**Data in this exercise**:

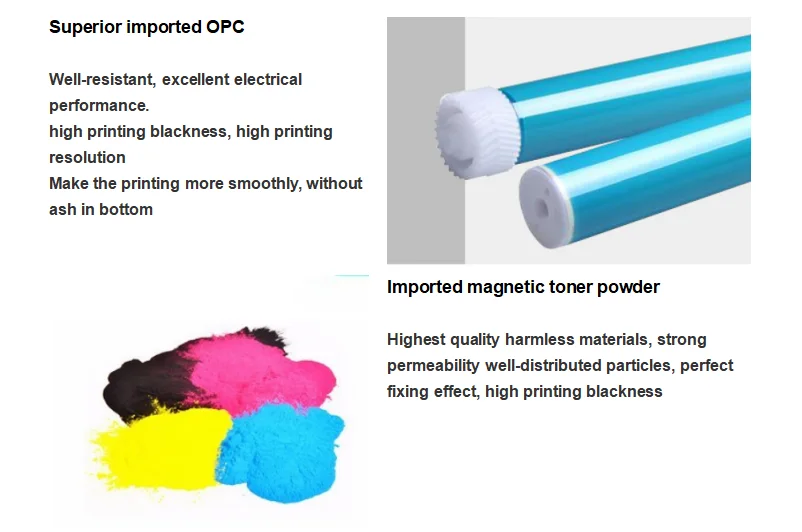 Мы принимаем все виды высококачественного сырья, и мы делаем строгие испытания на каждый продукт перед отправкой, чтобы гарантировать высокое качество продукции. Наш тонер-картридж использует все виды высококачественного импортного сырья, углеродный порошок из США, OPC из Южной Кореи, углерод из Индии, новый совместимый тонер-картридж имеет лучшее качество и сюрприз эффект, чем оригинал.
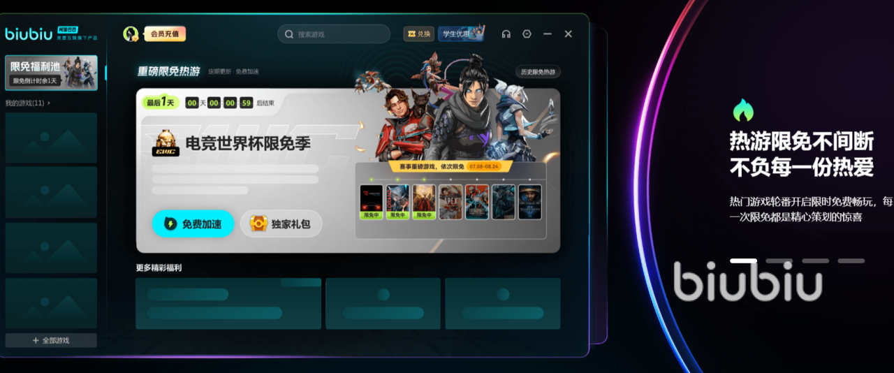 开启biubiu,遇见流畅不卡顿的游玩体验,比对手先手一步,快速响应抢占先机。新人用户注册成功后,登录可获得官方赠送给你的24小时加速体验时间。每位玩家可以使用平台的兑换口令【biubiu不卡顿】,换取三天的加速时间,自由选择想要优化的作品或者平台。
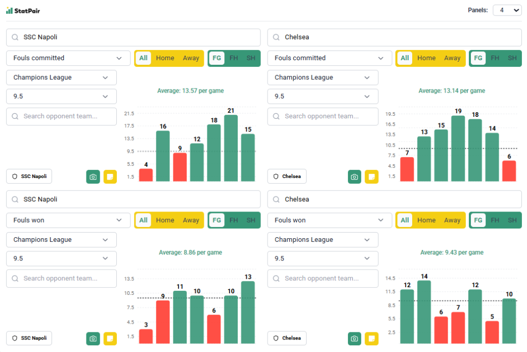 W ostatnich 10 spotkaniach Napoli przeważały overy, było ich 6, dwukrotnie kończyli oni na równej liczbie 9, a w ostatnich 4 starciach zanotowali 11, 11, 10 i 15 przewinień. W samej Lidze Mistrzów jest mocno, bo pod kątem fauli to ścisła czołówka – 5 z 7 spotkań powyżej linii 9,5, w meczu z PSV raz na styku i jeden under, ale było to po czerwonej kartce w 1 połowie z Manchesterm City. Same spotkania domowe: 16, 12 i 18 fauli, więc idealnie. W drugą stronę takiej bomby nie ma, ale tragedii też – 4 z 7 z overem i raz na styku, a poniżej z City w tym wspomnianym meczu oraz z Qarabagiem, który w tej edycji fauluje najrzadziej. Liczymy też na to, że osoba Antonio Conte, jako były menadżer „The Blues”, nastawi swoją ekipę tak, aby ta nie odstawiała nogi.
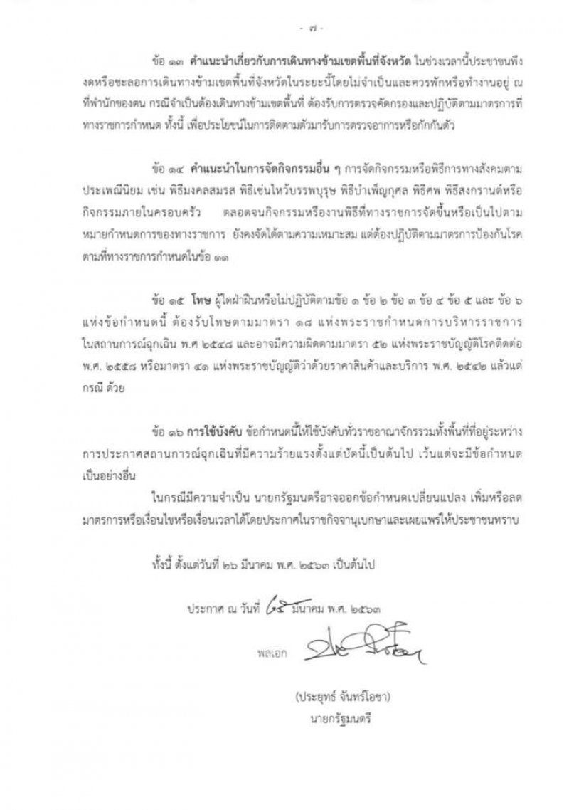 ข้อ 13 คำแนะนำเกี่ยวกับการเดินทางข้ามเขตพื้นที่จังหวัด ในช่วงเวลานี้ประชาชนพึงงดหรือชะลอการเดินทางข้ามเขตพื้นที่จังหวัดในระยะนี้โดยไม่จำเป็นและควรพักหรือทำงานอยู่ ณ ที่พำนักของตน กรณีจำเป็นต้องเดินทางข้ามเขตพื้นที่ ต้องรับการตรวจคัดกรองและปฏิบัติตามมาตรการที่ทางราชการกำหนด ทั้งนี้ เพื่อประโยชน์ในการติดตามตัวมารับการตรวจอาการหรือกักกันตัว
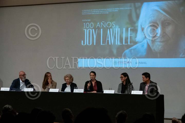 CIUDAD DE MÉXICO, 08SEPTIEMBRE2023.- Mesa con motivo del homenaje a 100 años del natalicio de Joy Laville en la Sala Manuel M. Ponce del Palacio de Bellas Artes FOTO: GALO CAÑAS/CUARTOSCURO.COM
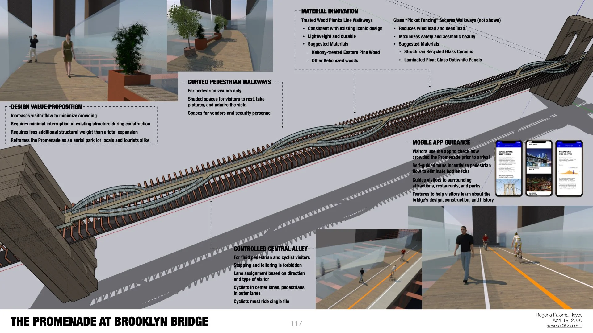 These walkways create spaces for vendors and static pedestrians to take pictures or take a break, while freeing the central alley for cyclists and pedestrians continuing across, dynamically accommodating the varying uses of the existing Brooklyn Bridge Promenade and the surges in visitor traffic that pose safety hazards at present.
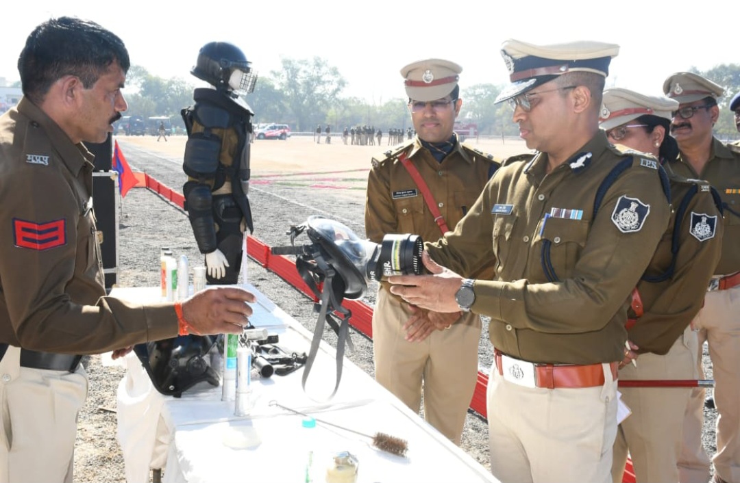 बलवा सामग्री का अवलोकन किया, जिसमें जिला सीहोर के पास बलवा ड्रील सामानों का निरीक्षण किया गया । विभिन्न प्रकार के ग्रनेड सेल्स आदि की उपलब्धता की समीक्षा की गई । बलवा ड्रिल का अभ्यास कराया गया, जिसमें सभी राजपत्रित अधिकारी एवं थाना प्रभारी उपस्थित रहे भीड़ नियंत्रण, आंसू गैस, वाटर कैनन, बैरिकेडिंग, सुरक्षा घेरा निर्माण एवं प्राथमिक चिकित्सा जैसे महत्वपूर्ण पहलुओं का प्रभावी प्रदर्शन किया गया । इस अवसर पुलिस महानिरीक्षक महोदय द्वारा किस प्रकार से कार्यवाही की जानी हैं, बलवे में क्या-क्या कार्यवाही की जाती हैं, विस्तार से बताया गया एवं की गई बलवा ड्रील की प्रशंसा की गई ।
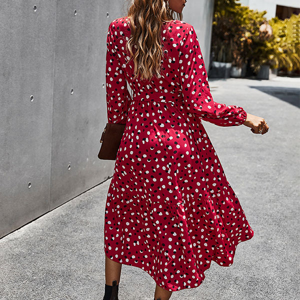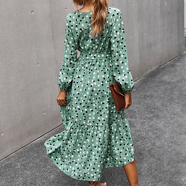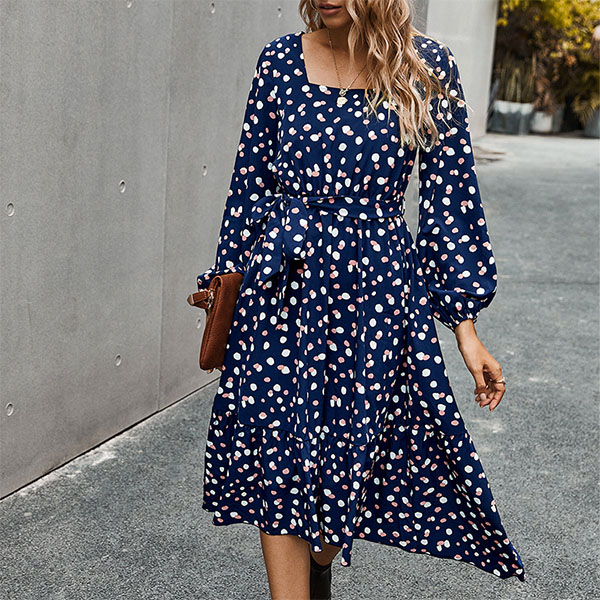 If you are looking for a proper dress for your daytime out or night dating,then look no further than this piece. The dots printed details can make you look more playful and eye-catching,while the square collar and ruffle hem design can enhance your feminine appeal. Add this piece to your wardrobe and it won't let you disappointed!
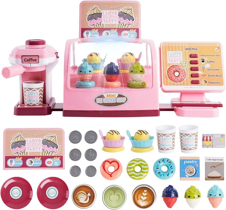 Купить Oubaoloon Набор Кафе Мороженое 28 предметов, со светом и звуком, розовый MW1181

...

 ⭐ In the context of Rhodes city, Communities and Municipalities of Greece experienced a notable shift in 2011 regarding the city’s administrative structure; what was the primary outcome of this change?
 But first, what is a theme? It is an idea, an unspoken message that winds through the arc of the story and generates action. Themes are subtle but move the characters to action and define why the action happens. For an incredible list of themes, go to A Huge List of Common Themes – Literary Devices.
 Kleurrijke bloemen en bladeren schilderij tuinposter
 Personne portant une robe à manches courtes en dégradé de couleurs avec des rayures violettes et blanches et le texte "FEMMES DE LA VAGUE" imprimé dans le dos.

**What you need to do**: Everything above from the line containing "Мы принимаем все" down to the line containing "开启biubiu,遇见流畅不" is to be duplicated exactly, both lines included, and the pictures are to be omitted.

**Task output**:
 Мы принимаем все виды высококачественного сырья, и мы делаем строгие испытания на каждый продукт перед отправкой, чтобы гарантировать высокое качество продукции. Наш тонер-картридж использует все виды высококачественного импортного сырья, углеродный порошок из США, OPC из Южной Кореи, углерод из Индии, новый совместимый тонер-картридж имеет лучшее качество и сюрприз эффект, чем оригинал.
 开启biubiu,遇见流畅不卡顿的游玩体验,比对手先手一步,快速响应抢占先机。新人用户注册成功后,登录可获得官方赠送给你的24小时加速体验时间。每位玩家可以使用平台的兑换口令【biubiu不卡顿】,换取三天的加速时间,自由选择想要优化的作品或者平台。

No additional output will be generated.